一种基于卷积神经网络的网络教学方法、装置、电子设备。其中,方法包括:分析网络教学视频信号,生成特征分帧图像(S110),通过卷积神经网络算法的多个卷积层对特征分帧图像进行高频内容检测,确定满足预设频次条件的多个候选高频内容区域(S120),通过卷积神经网络算法的池化层处理多个候选高频内容区域,得到重点内容区域及重点内容区域在特征分帧图像中的位置(S130),根据重点内容区域在图像中的位置,生成包含高频内容的重点网络教学视频信号并显示输出(S140)。可以对网络教学视频信号分析自动识别并生成包含重点内容的网络教学视频信号。

Description

基于卷积神经网络的网络教学方法以及装置 技术领域
本公开涉及计算机技术领域,具体而言,涉及一种基于卷积神经网络的网络教学方法、装置、电子设备以及计算机可读存储介质。
背景技术
网络教学是在一定教学理论和思想指导下,应用多媒体和网络技术,通过师、生、媒体等多边、多向互动和对多种媒体教学信息的收集、传输、处理、共享,来实现教学目标的一种教学模式。具有开放性、交互性、共享性等优点,打破了传统教学在时空上的局限,有利于推广研究性学习。
然而,由于网络教学内容只能在用户的显示设备上显示,使得教学场景无法完全重现,受特定显示设备的条件制约,用户无法选择观看想要学习的网络视频画面中的重点内容区域,或者只能收看视频源信号人为认定的重点内容扩展展示区域。
在现有技术中,CN201610235737公开了一种识别文字文档的方法及装置,通过根据提取的原文档内容确定复数个版面元素将版面元素一一映射到相对应的预设标签,根据预设标签将原文档内容进行展示,该方式是通过建立标签的方式来实现对文档中重点内容识别的,不是智能图像处理算法;CN201710250098公开了一种利用时空注意力模型的视频内容描述方法,通过时间注意力和空间注意力模型来实现对视频每帧图片中重点关注的关键区域进行识别,该方法是通过卷积神经网络对多个图片叠加的动态效果实现关键区域识别的,并不能只分析关键帧单一图片来实现对重点区域的识别。

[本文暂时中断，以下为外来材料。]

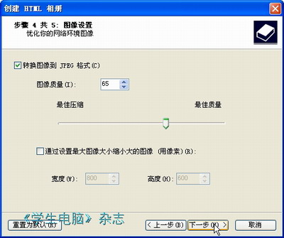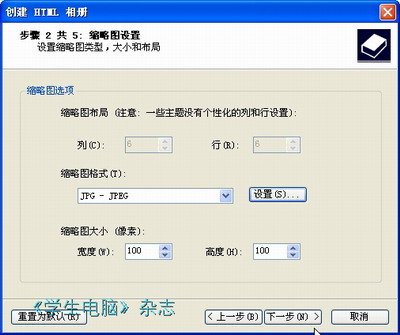 ①缩略图格式选择"JPG-JPEG",这样保证浏览速度快、图片质量好。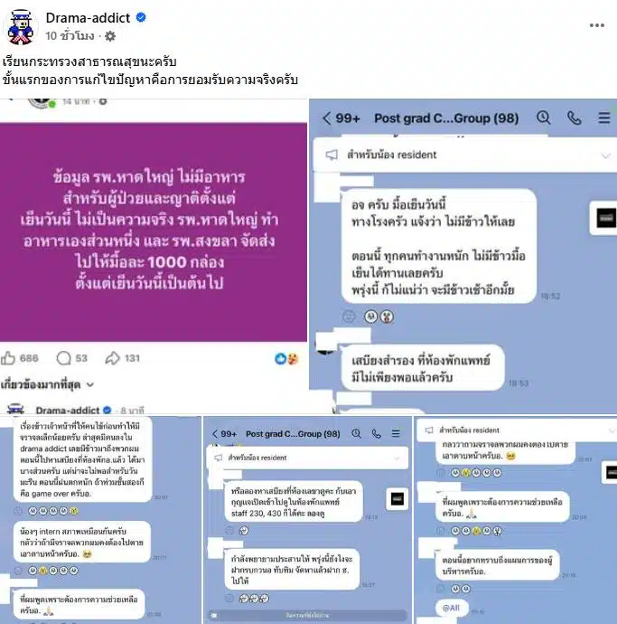 ก่อนจะทางเพจ Drama Addict โพสต์แชตพูดคุยกับบุคลากรทางแพทย์ที่ประสบปัญหา พร้อมเขียนข้อความอีกด้วยว่า “เรียนกระทรวงสาธารณสุขนะครับ ขั้นแรกของการแก้ไขปัญหาคือการยอมรับความจริงครับ”
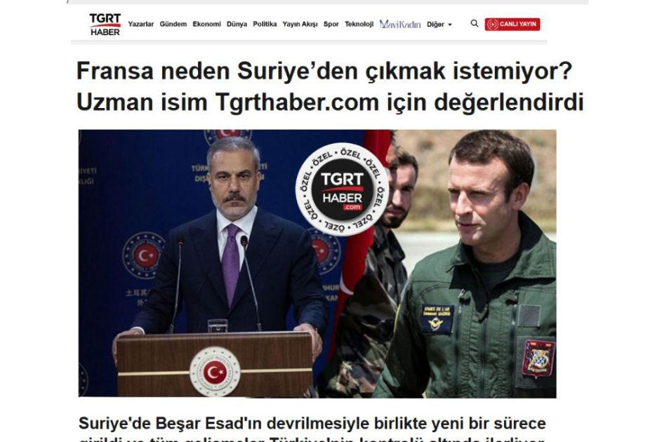 AZƏRTAC xəbər verir ki, bu barədə Türkiyənin “TGRT Haber” xəbər kanalının Suriyada hakimiyyət dəyişikliyinə və Türkiyə ilə Fransa arasındakı münasibətlərdəki gərginliyə həsr olunmuş reportajında deyilir.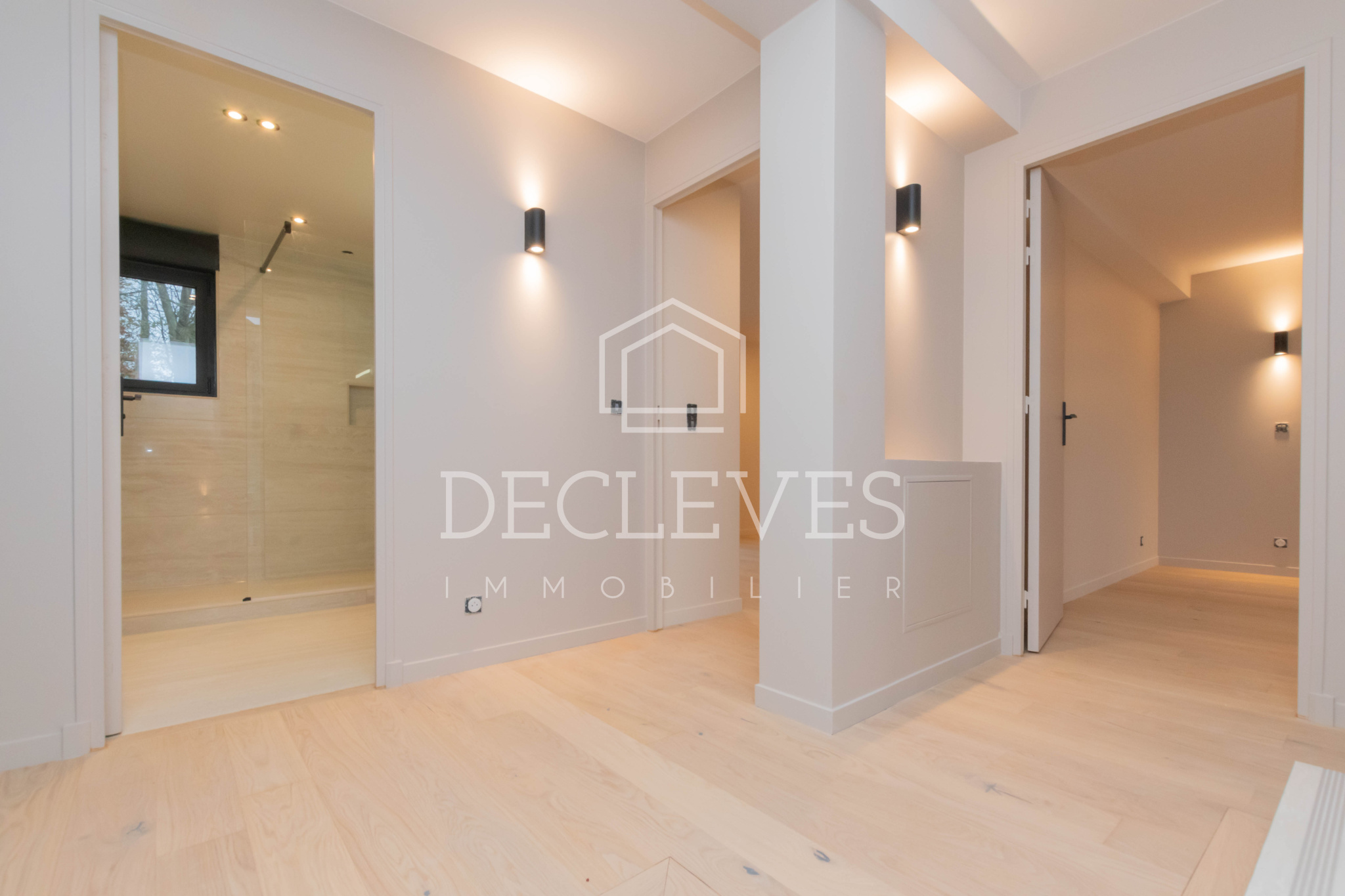 A l’étage : un palier dessert trois chambres (15,11 m2, 16,55 m2, 11 m2), dont une avec terrasse, une salle de douche et des toilettes.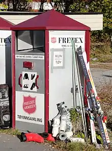 I mange norske byer har Fretex opstillet containere til donation nye eller brugte klæder og sko. Tøjet sælges i Fretex' butikker eller gives bort til trængende.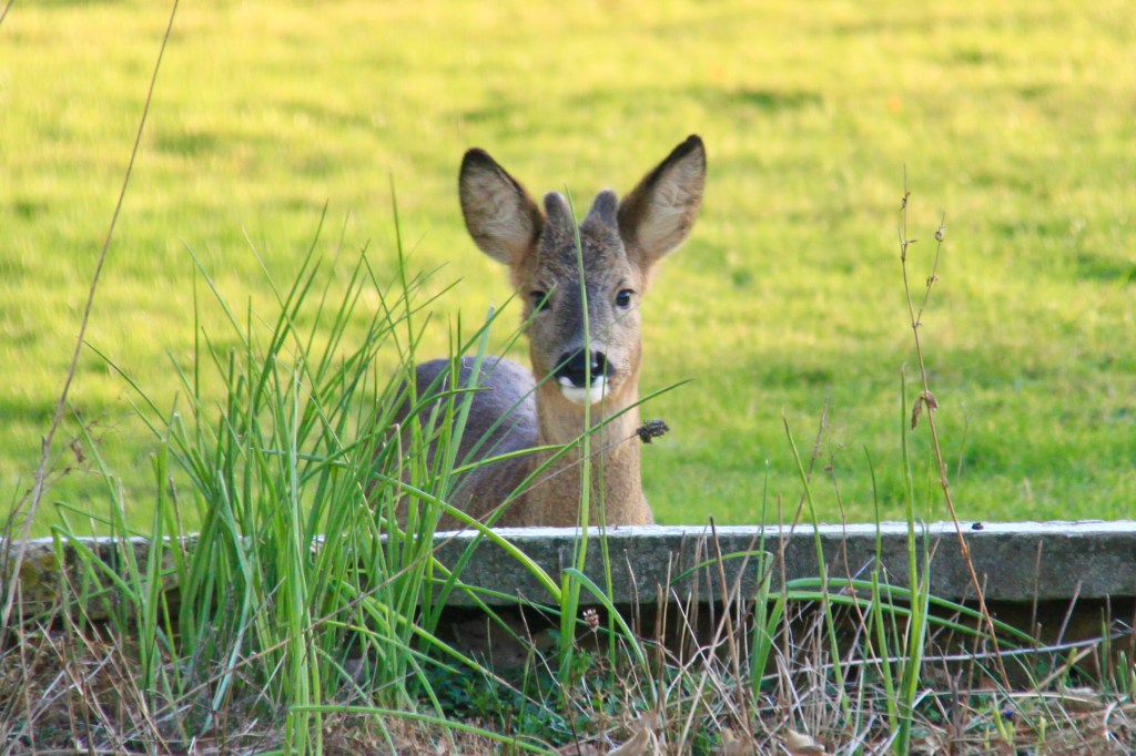 Storm Eunice, far from making them retreat into safety, brought out six roe deer, three muntjac, a hare, a pheasant and a couple of rabbits into view from the kitchen at dusk that first night. Almost all of them at one time. Our garden seems to get more David Attenborough by the day.

CN201711049706公开了一种基于卷积神经网络的块内容分类方法,通过训练样本转换灰度图的方式进而建立末位比特-卷积神经网络模型,来实现对图片内容的分类,并不能实现对重点内容的识别。
因此,需要提供一种或多种至少能够解决上述问题的技术方案。
需要说明的是,在上述背景技术部分公开的信息仅用于加强对本公开的背景的理解,因此可以包括不构成对本领域普通技术人员已知的现有技 术的信息。
发明内容
本公开的目的在于提供一种基于卷积神经网络的网络教学方法、装置、电子设备以及计算机可读存储介质,进而至少在一定程度上克服由于相关技术的限制和缺陷而导致的一个或者多个问题。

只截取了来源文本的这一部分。